37.根据权利要求35所述的辐射成像的方法,其中,基于入射辐射的类型和当辐射入射到准直仪的表平面时辐射的能级来选择辐射吸收材料。 37. The method according to claim 35, wherein the imaging radiation, wherein, based on the type of incident radiation and when the radiation incident on the surface plane of the collimator to select radiation level radiation absorbing material.
38.根据权利要求37所述的辐射成像的方法,其中,入射辐射由1251、mIn、99nTC、m1、103Pd或其组合发射。 38. The method according to claim 37, wherein the imaging radiation, wherein the incident radiation 1251, mIn, 99nTC, m1,103Pd emission, or combinations thereof.
39.根据权利要求37所述的辐射成像的方法,其中,入射辐射由产生X射线的外部辐射源或装置发射。 39. The method according to claim 37, wherein the imaging radiation, wherein incident radiation emitted by an external radiation source or means for generating X-rays.

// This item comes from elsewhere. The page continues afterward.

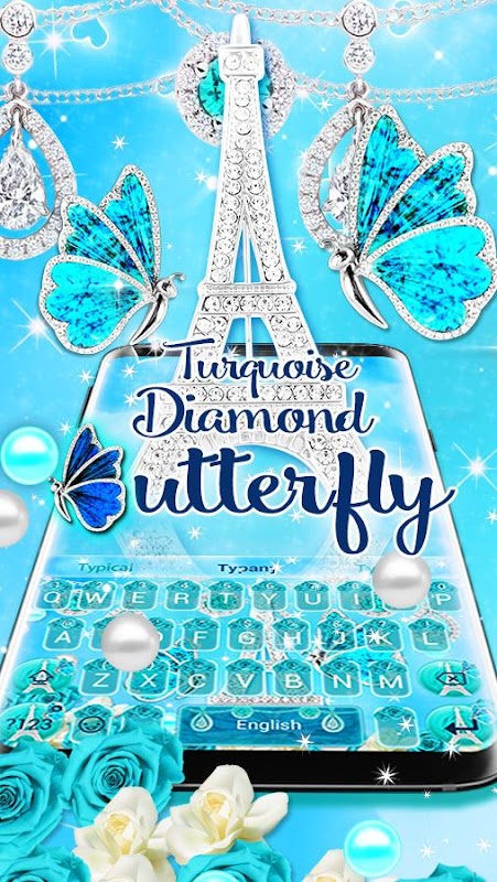 Diese wunderschöne Tastatur ist für Leute gedacht, die Beautiful 💠Diamond 🦋Butterfly mögen. Die schönen 💎diamond Eiffel 🗼Towers sitzt in der Mitte von hängenden teal 💎diamond Halsketten umgeben.Beautiful Diamond Butterfly ist ein Tastatur-Thema mit schönen Diamond Butterfly Wallpaper und schönen Diamond Butterfly Schlüssel Hintergrund. Der Türkis-Diamant-Schmetterling mit vorzüglichen Diamant liebenden Halsketten, eleganten 🌹roses, ⚪️pearl u. Niedlichem 💙blue- 💚green 💎 💎diamond lässt Ihren Telefonschirm lebhafter und ✨shining schauen.

40.根据权利要求36所述的辐射成像的方法,其中,辐射吸收材料是从由铅(Pb)、钨(W)、金(Au)、钥(Mo)和铜(Cu)组成的组中选择的。 40. The method according to claim 36, wherein the imaging radiation, wherein the radiation absorbing material is from the group consisting of lead (Pb), tungsten (W), gold (Au), key (Mo) and copper (Cu) consisting of choice.
41.根据权利要求23到34中的任何一项所述的辐射成像的方法,其中,辐射检测模块是从像素化检测器、正交条状检测器和单个独立检测器的阵列中的至少一个中选择的。 41. 23-34 any radiation imaging method according to any one of claims, wherein the at least one radiation detector module from the pixel detector, an orthogonal strip detector and a single separate detector array selected.

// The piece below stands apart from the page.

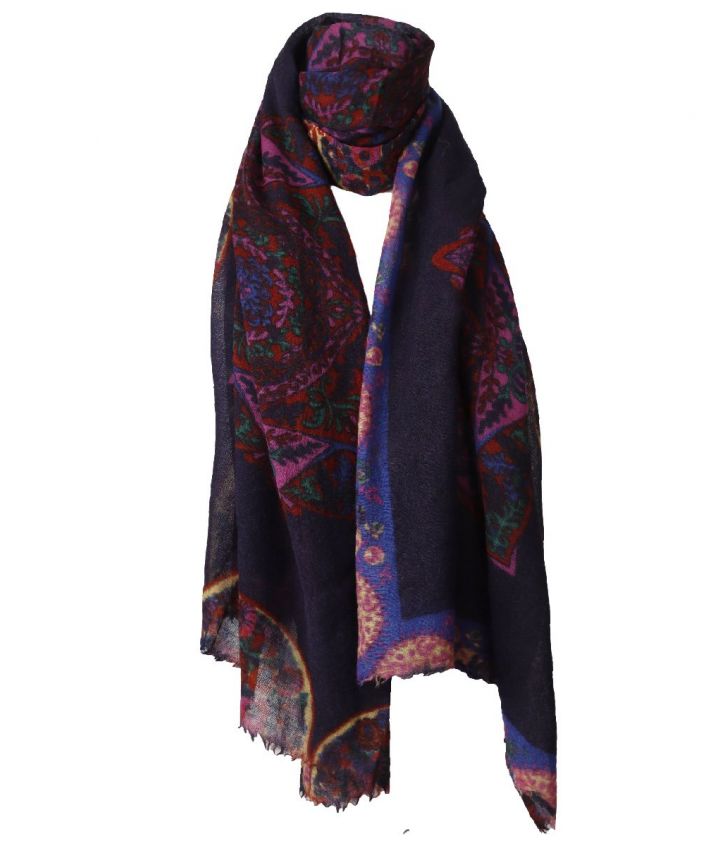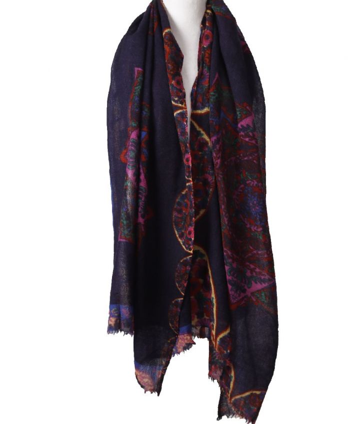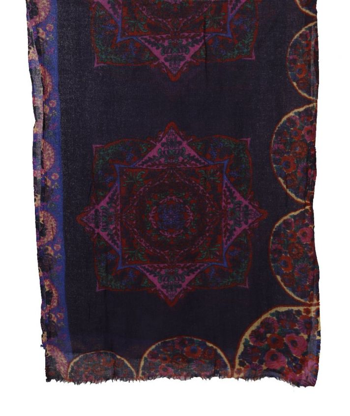 Donkerblauwe mousseline sjaal met een elegante ornamentprint. Het lichte, ademende materiaal biedt comfort en veelzijdigheid, waardoor deze sjaal perfect is voor zowel dagelijks gebruik als speciale gelegenheden.

42.根据权利要求41所述的辐射成像的方法,其中,辐射检测器包括闪烁检测器和固态检测器。 42. The method according to claim 41, wherein the imaging radiation, wherein the radiation detector comprises a scintillation detector and a solid state detector.
43.根据权利要求23到42中的任何一项所述的辐射成像的方法,其中,关注对象是人体的一部位,并且辐射是由聚集在目标位置中的放射性示踪剂发射的。 43. 23-42 any radiation imaging method according to any one of claims, wherein the object of interest is a portion of the human body, and the radiation is gathered in the target location radiotracer emissions.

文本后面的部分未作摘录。